## WORK TASK
In this exercise, print only the lines of the records below from the one with "El titular de" through the one with "В Топ-30 Медиа", inclusive. Pictures are not part of the copy.

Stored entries
========

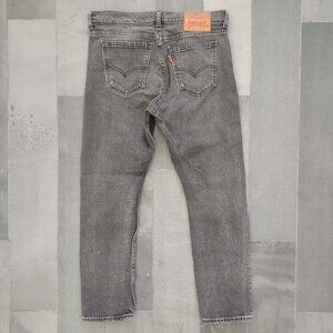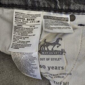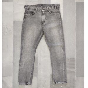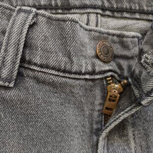 Grey with some natural fading. Orange tab. 98% cotton / 2% elastane. Thick, rigid denim. Mid rise.
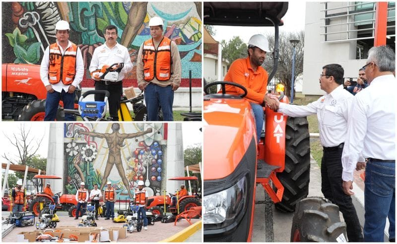En la ceremonia realizada en el Centro Universitario Victoria, se dotó de nuevo equipo y herramientas consistentes en hidrolavadoras, escaleras, motosierras, compactadoras, cortadoras de piso, tractores, generadores eléctricos y gatos hidráulicos, entre otras.
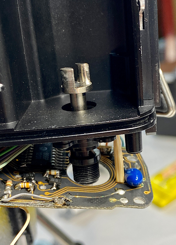 Ein gekürzter Zahnstocher stützt wieder die gelöste Platine ab.
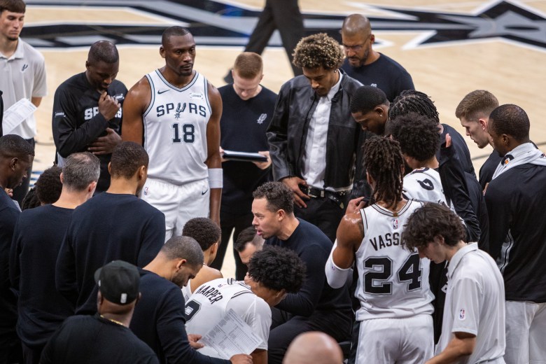 Spurs Head Coach Mitch Johnson (center) speaks with his team during a timeout at the Spurs v Nets game at the Frost Bank Center on Oct. 26, 2025. Credit: Blaine Young for the San Antonio Report
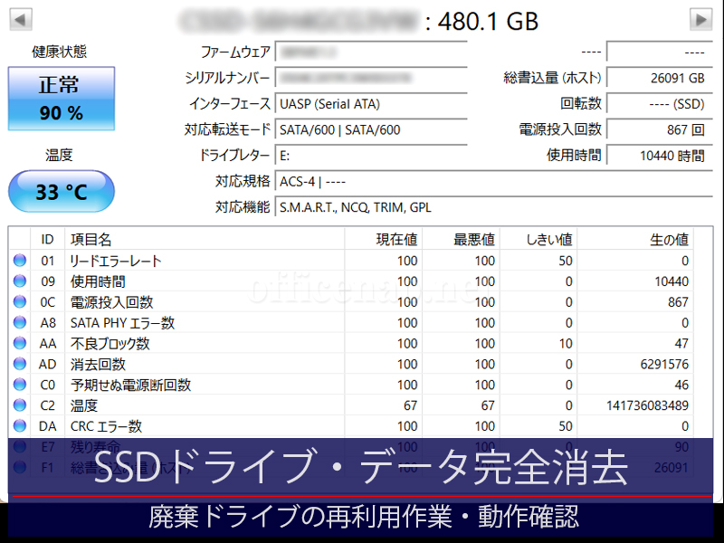 本日は先日お客様のもとで不要となったデスクトップパソコン用のSSDドライブの再利用作業です。データを完全に消去してから、作業用ドライブとしてストックすることになります。
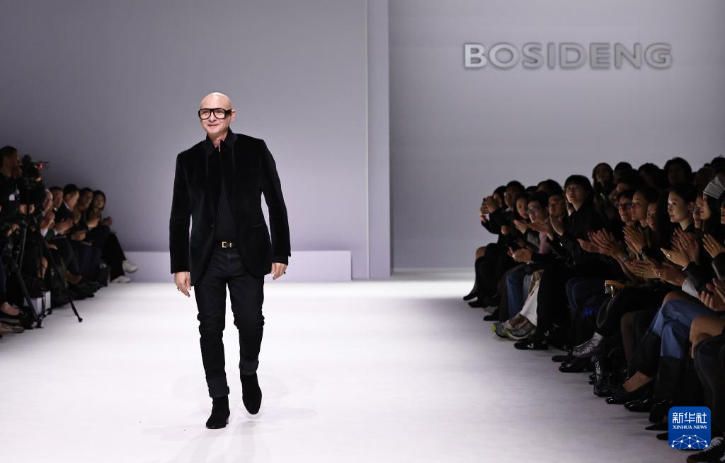 10月7日,在位于法国巴黎的布龙尼亚宫,波司登品牌创意总监彼得罗·费拉吉纳向观众致意。
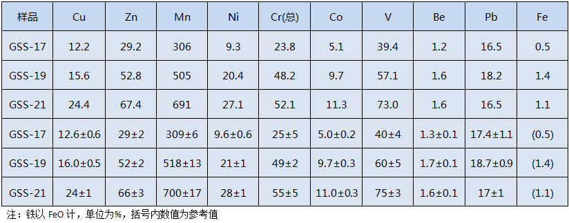 用HCl+HNO3+HF+HC104四酸全消解體系通過陶瓷電熱板濕法消解土壤樣品,進行3種不同加酸過程對GSS-17、GSS-19和GSS-21標準土壤樣品進行3次平行預處理,測定土壤中銅、鋅、錳、鎳、總鉻、鉆、釩、鈹、鉛、鐵l0種重金屬元素,結果如下表所示。
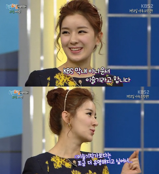 이슬기 아나운서는 자기소개를 하며 "'1박2일' 이슬기 작가보다 조금 더 유명해지고 싶다"고 말햇다.
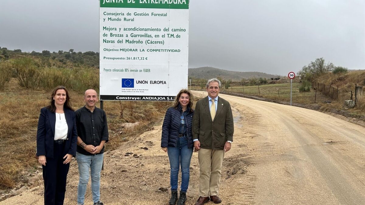El titular de la Consejería, Ignacio Higuero, ha comprobado este lunes in situ el estado del camino, en una visita en la que ha estado acompañado por la directora general de Infraestructuras Rurales, Patrimonio y Tauromaquia, Yohana Balas, y el alcalde de Navas del Madroño, Ricardo Villegas.
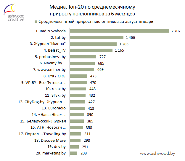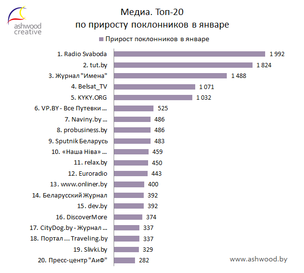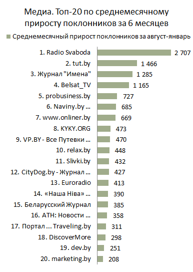 В Топ-30 Медиа вошла страница «Беларускае Радыё Рацыя», заняв сразу девятое место. Страница «Family.by • Город для детей», соответственно, покинула Топ. В остальном значительных изменений в Топе не произошло. Страницы «Radio Svaboda» и «tut.by» по-прежнему занимают первое и второе места соответственно. На третьем с большим отрывом располагается «CityDog.by - Журнал о Минске».
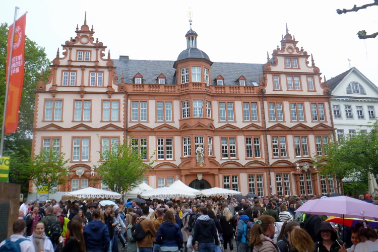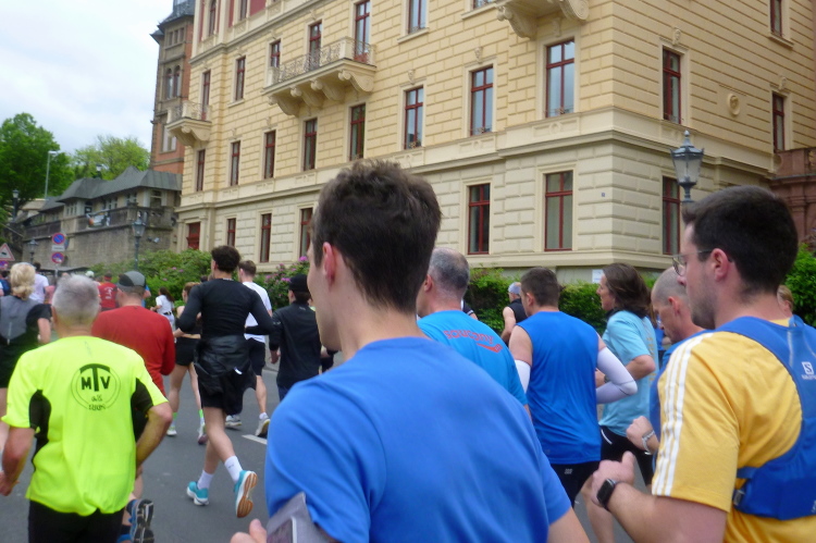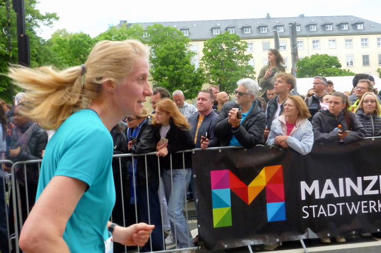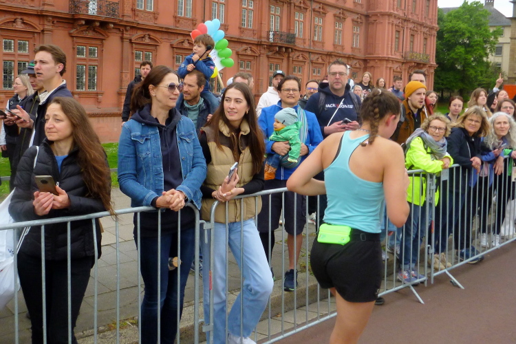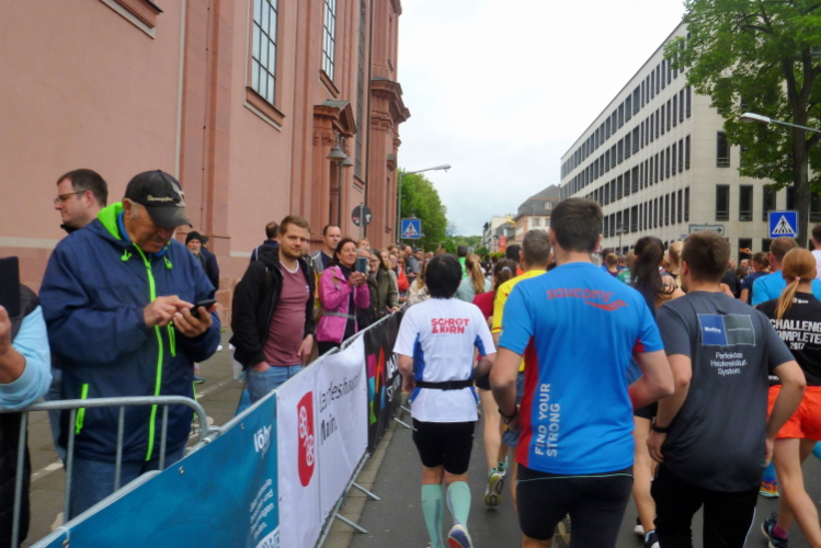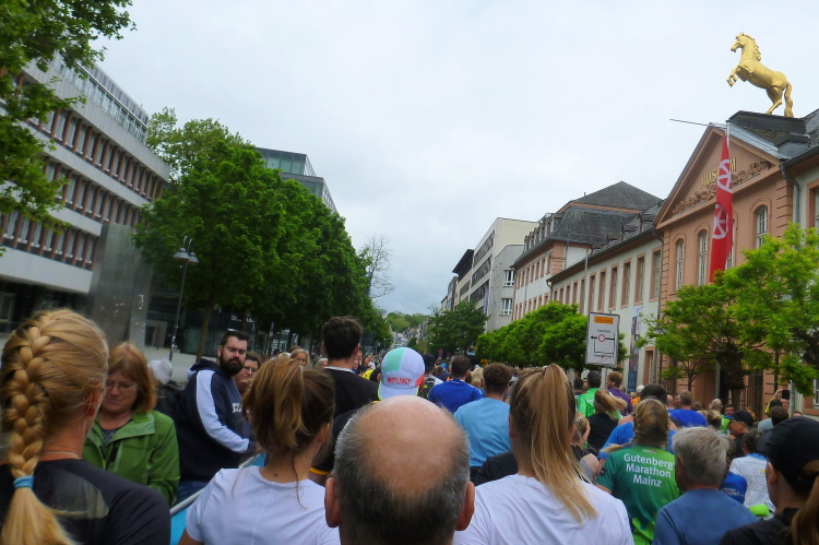 Auf der anderen Seite sehen wir später die Staatskanzlei Rheinland-Pfalz, untergebracht im Neuen Zeughaus. Ministerpräsidentin Malu Dreyer hat dort das Sagen. Wir sind nun wieder in der Nähe des Startgeländes angekommen, viele Zuschauer stehen am Kurs. Wir sehen linkerhand die Rheinseite des Kurfürstlichen Schlosses, die „Gut Stubb“ von Meenz. „Mainz bleibt Mainz, wie es singt und lacht“ wird aus dem Großen Saal des Schlosses übertragen. Das weiß man sogar bei uns in Bayern. Zurück zum Rennen: Die Absperrgitter enden und die Leute stehen auf der Straße, sie gehen erst zurück, als Läuferpulks durch diese Engstellen wollen, fast wie bei der Tour de France in den Bergen.
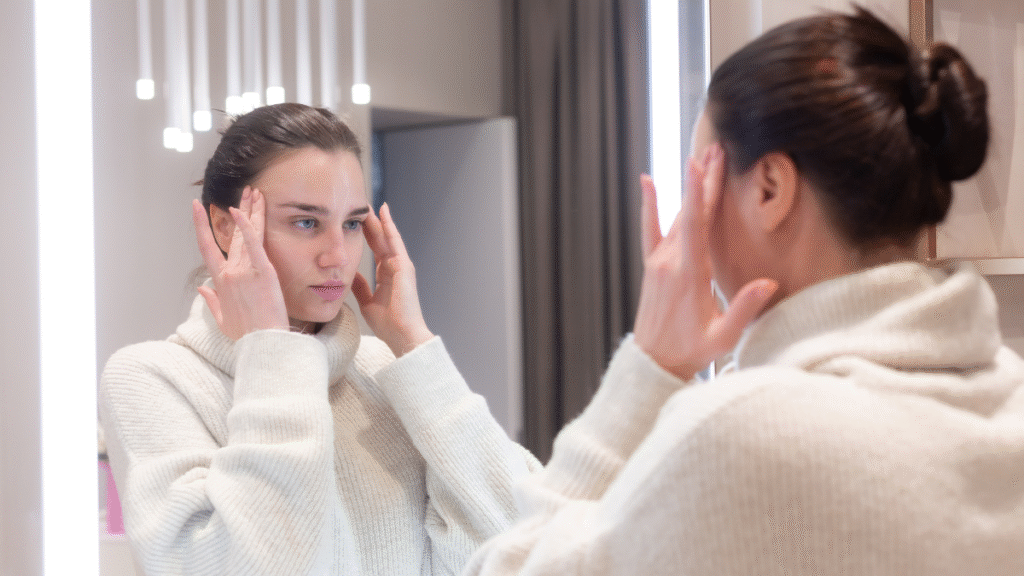Além dos benefícios estéticos, a massagem facial também é uma forma de aliviar o estresse e a tensão acumulada no rosto, especialmente na região da testa, ao redor dos olhos e mandíbula.
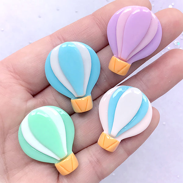 Kawaii hot air balloon cabochons. Excellent for phone case decoden project, mixed media art, scrapbooking, party supplies, kawaii jewelry and accessories making, etc. Quantity: 4 pcs...
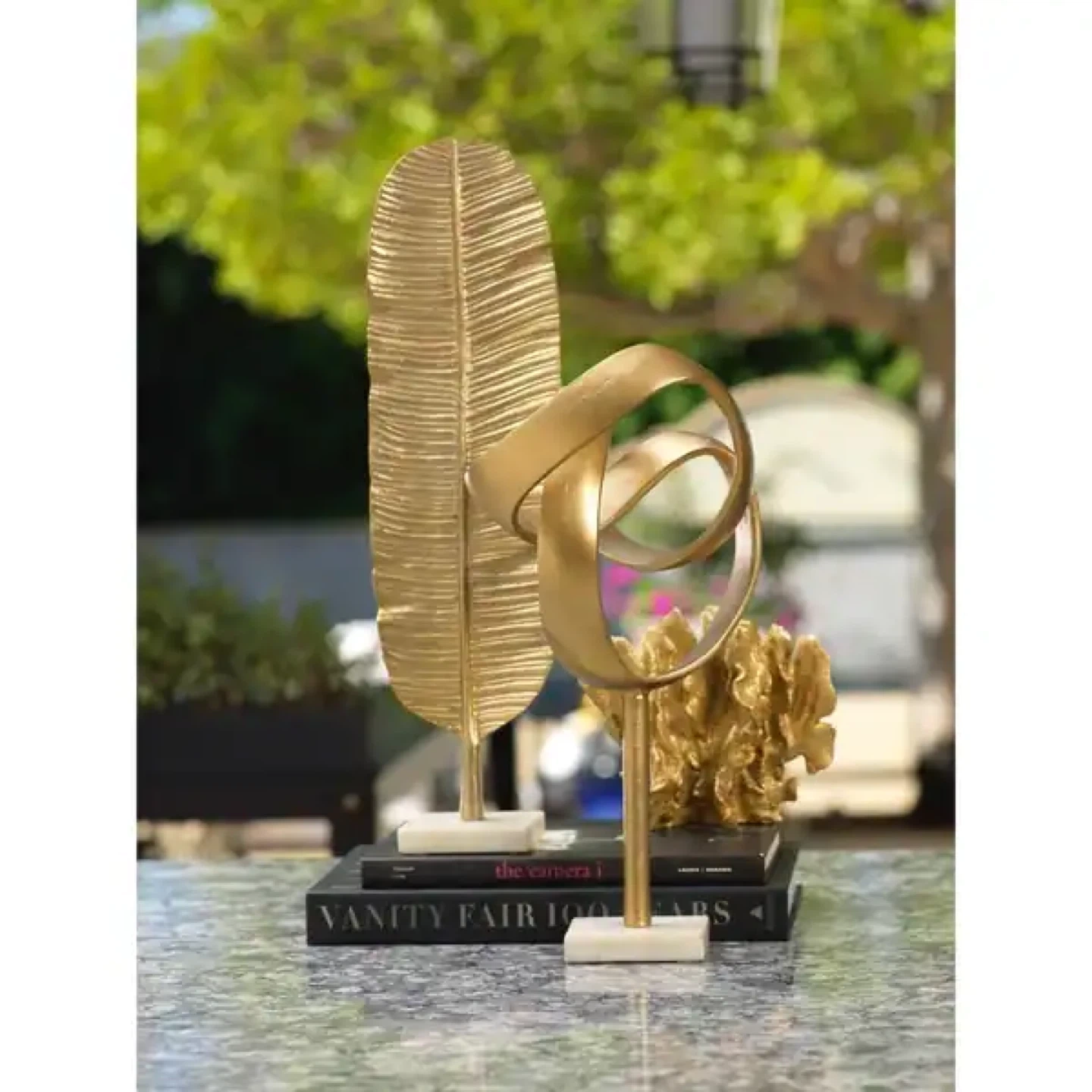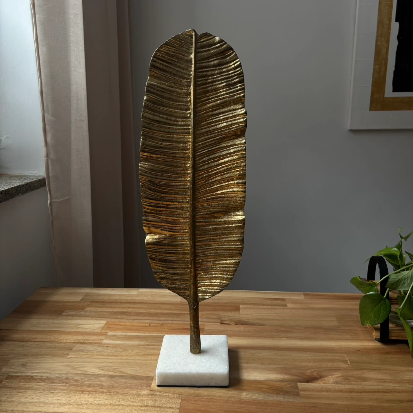 Add a touch of elegance to your space with this striking gold leaf sculpture. It stands on a stylish white marble base. Its textured metallic finish makes it a captivating decorative piece.
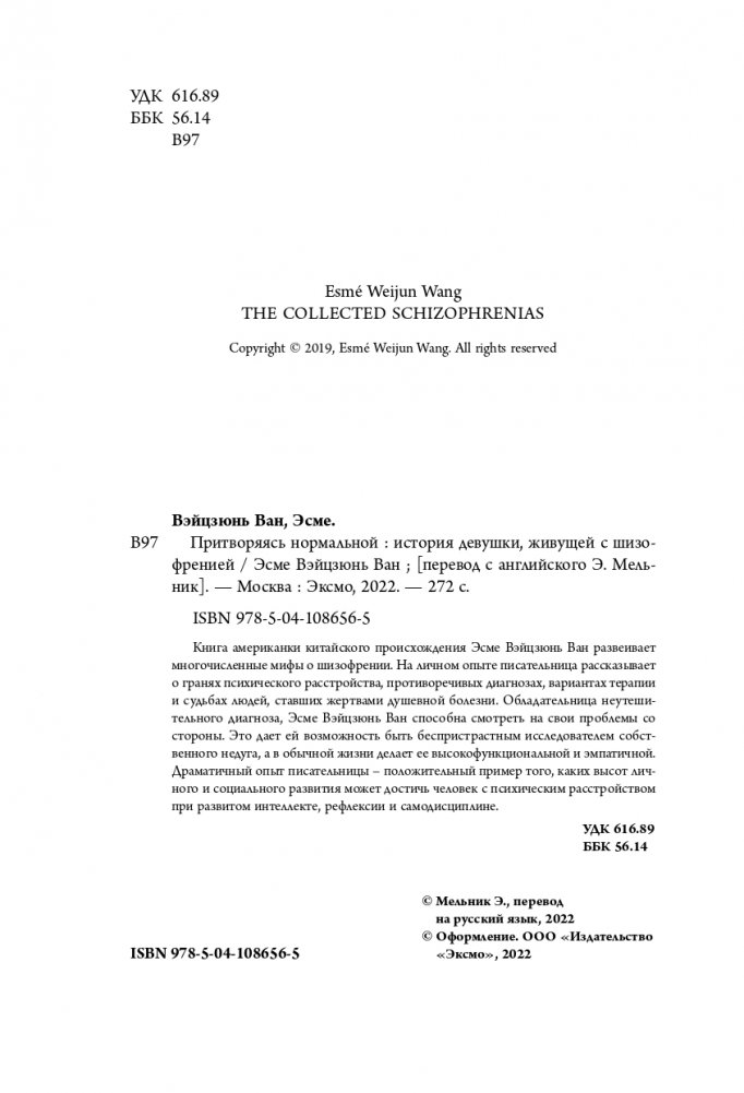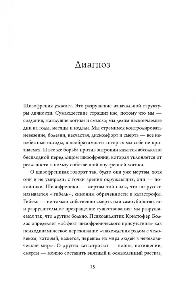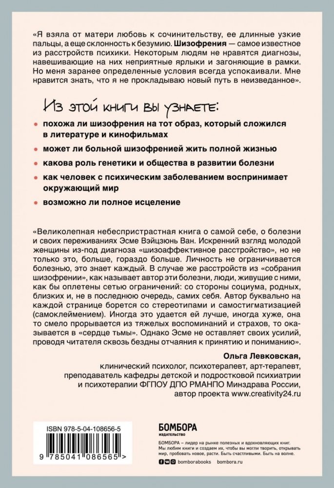 Книга американки китайского происхождения Эсме Вэйцзюнь Ван развеивает многочисленные мифы о шизофрении. На личном опыте писательница рассказывает о гранях психического расстройства, противоречивых диагнозах, вариантах терапии и судьбах людей, ставших жертвами душевной болезни. Обладательница неутешительного диагноза, Эсме Вэйцзюнь Ван способна смотреть на свои проблемы со стороны. Это дает ей возможность быть беспристрастным исследователем собственного недуга, а в обычной жизни делает ее высокофункциональной и эмпатичной. Драматичный опыт писательницы – положительный пример того, каких высот личного и социального развития может достичь человек с психическим расстройством при развитом интеллекте, рефлексии и самодисциплине.
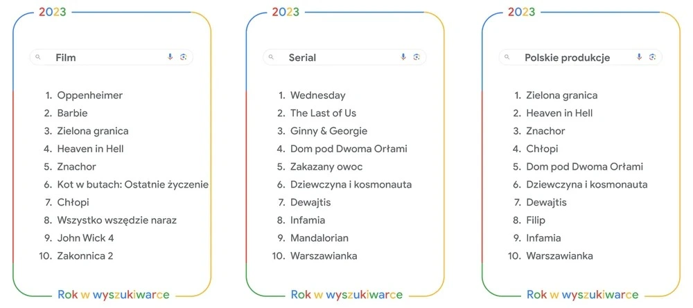 Rozrywka także była mocną stroną Polaków – zwłaszcza że 2023 rok wręcz obfitował w ciekawe wydarzenia. Internauci najczęściej decydowali się na wyszukiwanie informacji o filmach Oppenheimer czy Barbie. W związku z tym ludzie chcieli też dowiedzieć się czegoś odnośnie do zjawiska powszechnie znanego jako Barbenheimer. Brano też pod uwagę inne filmy – sporym zainteresowaniem cieszyła się Zielona granica, Heaven in Hell, Znachor czy Chłopi. Fani seriali mieli natomiast do czynienia z Wednesday, The Last of Us oraz Ginny & Georgie. Na ostatnim miejscu znalazła się natomiast polska Warszawianka.
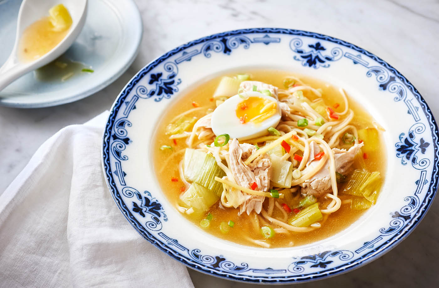 Грузинский куриный суп интересен тем, что в нем нет овощной гущи. Используется только зажарка из лука, а вот картофель и морковь не добавляются. Вместо них бульон загущают мукой (в Грузии чаще используют кукурузную муку) и яйцами (берут целые или только желтки). Чтобы яйца не свернулись и не рассыпались серыми хлопьями, бульон обязательно подкисляют винным уксусом, соком лимона или граната. А характерный вкус супу придает кинза и приправы.
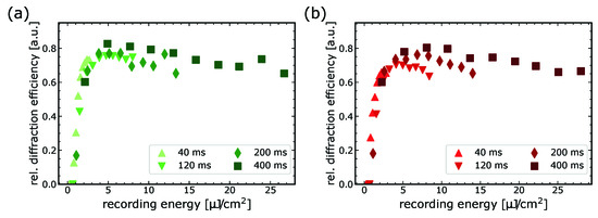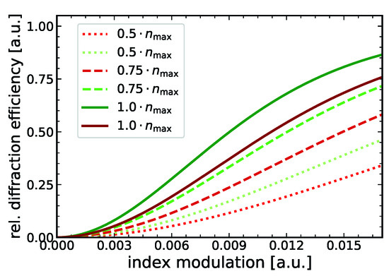 Maximum relative diffraction efficiencies of up to and and maximum index modulations of and are achieved for the green and red spectral functions, respectively. Overall, the outlined curves in Figure 5 demonstrate the expected behavior, containing a threshold initiation energy, followed by a strong increase in the relative diffraction efficiency and a transition into the saturated region.

========

## SOLUTION FOR THIS PROBLEM
El titular de la Consejería, Ignacio Higuero, ha comprobado este lunes in situ el estado del camino, en una visita en la que ha estado acompañado por la directora general de Infraestructuras Rurales, Patrimonio y Tauromaquia, Yohana Balas, y el alcalde de Navas del Madroño, Ricardo Villegas.
 В Топ-30 Медиа вошла страница «Беларускае Радыё Рацыя», заняв сразу девятое место. Страница «Family.by • Город для детей», соответственно, покинула Топ. В остальном значительных изменений в Топе не произошло. Страницы «Radio Svaboda» и «tut.by» по-прежнему занимают первое и второе места соответственно. На третьем с большим отрывом располагается «CityDog.by - Журнал о Минске».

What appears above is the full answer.